The verdict could divide people for many years to come, just as the O.J. Simpson case in the mid-1990s did, with some believing Anthony got away with murder.

Ti McLeod, who lives near the Anthony family, said, “The justice system has failed Caylee.” Jodie Ickes, who lives a mile away and goes to the same hairdresser Anthony uses, said she is against the death penalty and was glad that Casey wasn’t facing execution. “I’m comfortable with the outcome,” she concluded.

Among the trial spectators was 51-year-old Robin Wilkie, who said she has spent $3,000 on hotels and food since arriving June 10 from Lake Minnetonka, Minn.
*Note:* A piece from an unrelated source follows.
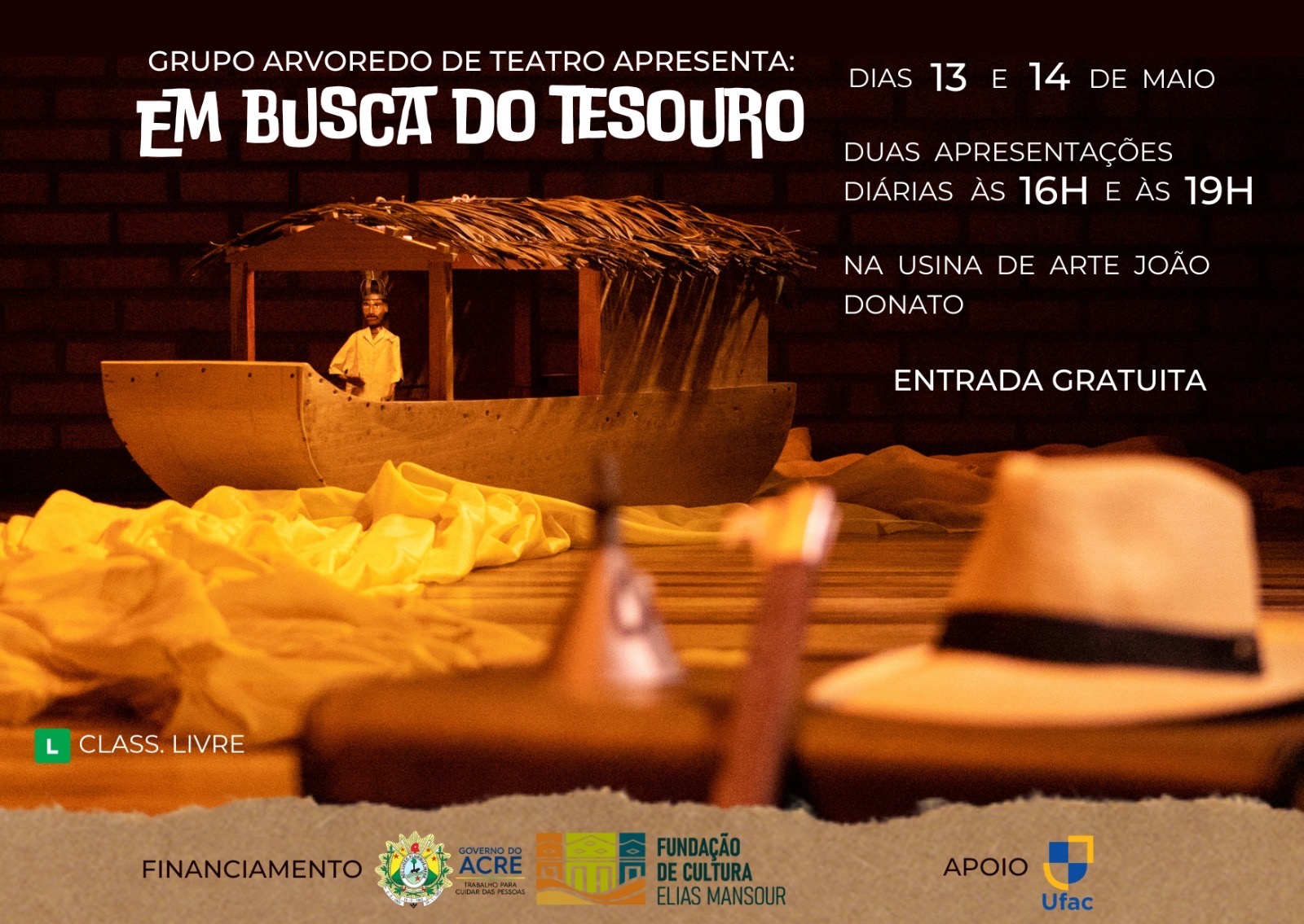 Nos dias 13 e 14 de maio, em duas sessões realizadas às 16h e às 19h, a Usina de Arte João Donato receberá o espetáculo “Em busca do tesouro”. A peça, encenada pelo Grupo Arvoredo de Teatro e financiada pela Fundação de Cultura e Comunicação Elias Mansour, é resultado de um processo desenvolvido após uma vasta pesquisa histórica sobre o povoamento da Amazônia, como foco na vinda de nordestinos para os seringais, especialmente durante a Segunda Guerra Mundial, ao longo da qual vieram mais de 50 mil homens para trabalhar na extração do látex.

She tallied more than 100 hours standing in line to wait for tickets and got into the courtroom 15 times to see Anthony.

“True crime has become a unique genre of entertainment,” Wilkie said. “Her stories are so extreme and fantastic, it’s hard to believe they’re true, but that’s what engrosses people. This case has sex, lies and videotapes — just like on reality TV.”